▶ _Material provided_:

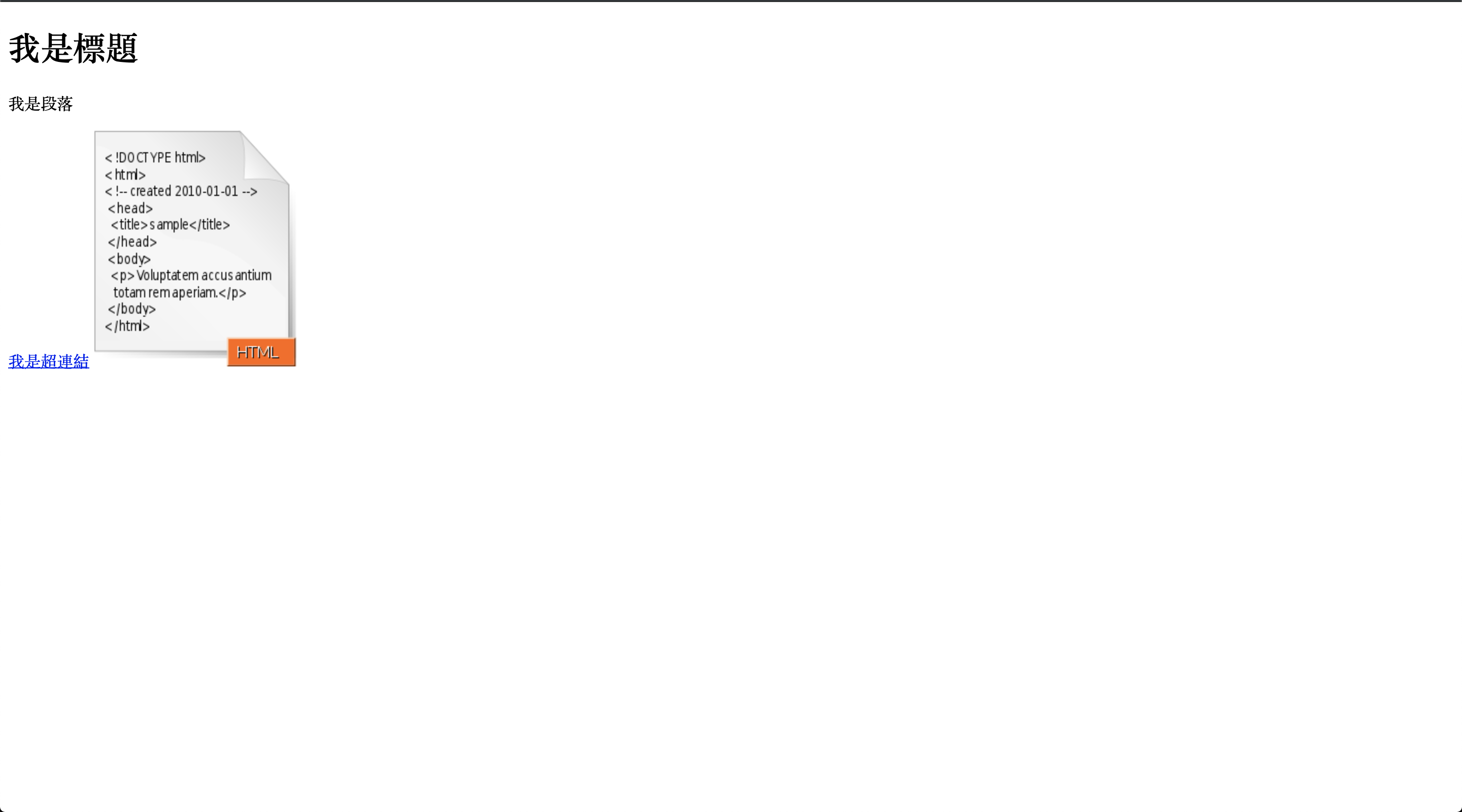若是使用瀏覽器打開這個 HTML 網頁會呈現:
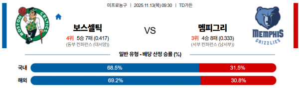 11월 13일 NBA 보스셀틱 vs 멤피그리
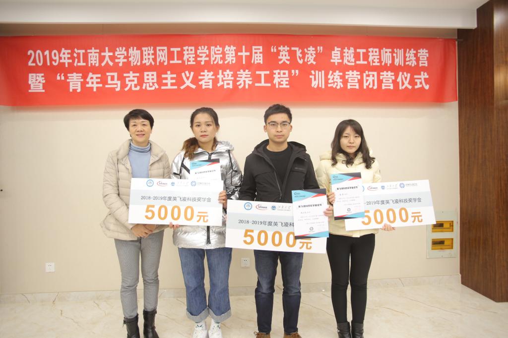 闭营仪式最后,英飞凌科技(无锡)有限公司人力资源部总监王晓东发言,她提到英飞凌和江南大学物联网工程学院长达十年的合作是一个不断传承、不断创新、不断融合的过程。校企双方的成功合作离不开学校的重视和支持,以及对人才培养创新的孜孜追求,同时她向全体训练营的营员讲到,要善于在学习中发现兴趣,通过培养自己的专业兴趣,进一步深入探索和钻研,成为一专多能的新时代人才。活动结束后,领导嘉宾和优秀营员及奖学金获得者共同合影留念,本次训练营圆满结束。
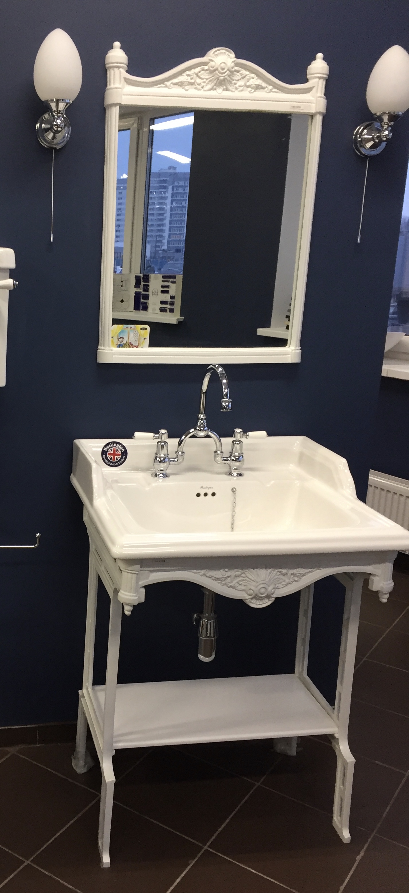 Классическая раковина Burlington на 2 отверстия, с подстольем из белого алюминия
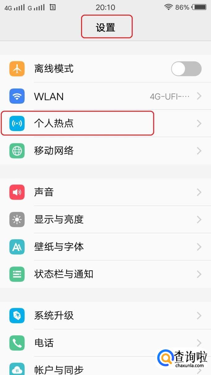 在“设置”里面,我们看到有“个人热点”这一项,点击打开。

▶ _Task to carry out_: Produce an exact copy of the records above, leaving out the pictures.

▶ _Exercise result_:
若是使用瀏覽器打開這個 HTML 網頁會呈現:
 11월 13일 NBA 보스셀틱 vs 멤피그리
 闭营仪式最后,英飞凌科技(无锡)有限公司人力资源部总监王晓东发言,她提到英飞凌和江南大学物联网工程学院长达十年的合作是一个不断传承、不断创新、不断融合的过程。校企双方的成功合作离不开学校的重视和支持,以及对人才培养创新的孜孜追求,同时她向全体训练营的营员讲到,要善于在学习中发现兴趣,通过培养自己的专业兴趣,进一步深入探索和钻研,成为一专多能的新时代人才。活动结束后,领导嘉宾和优秀营员及奖学金获得者共同合影留念,本次训练营圆满结束。
 Классическая раковина Burlington на 2 отверстия, с подстольем из белого алюминия
 在“设置”里面,我们看到有“个人热点”这一项,点击打开。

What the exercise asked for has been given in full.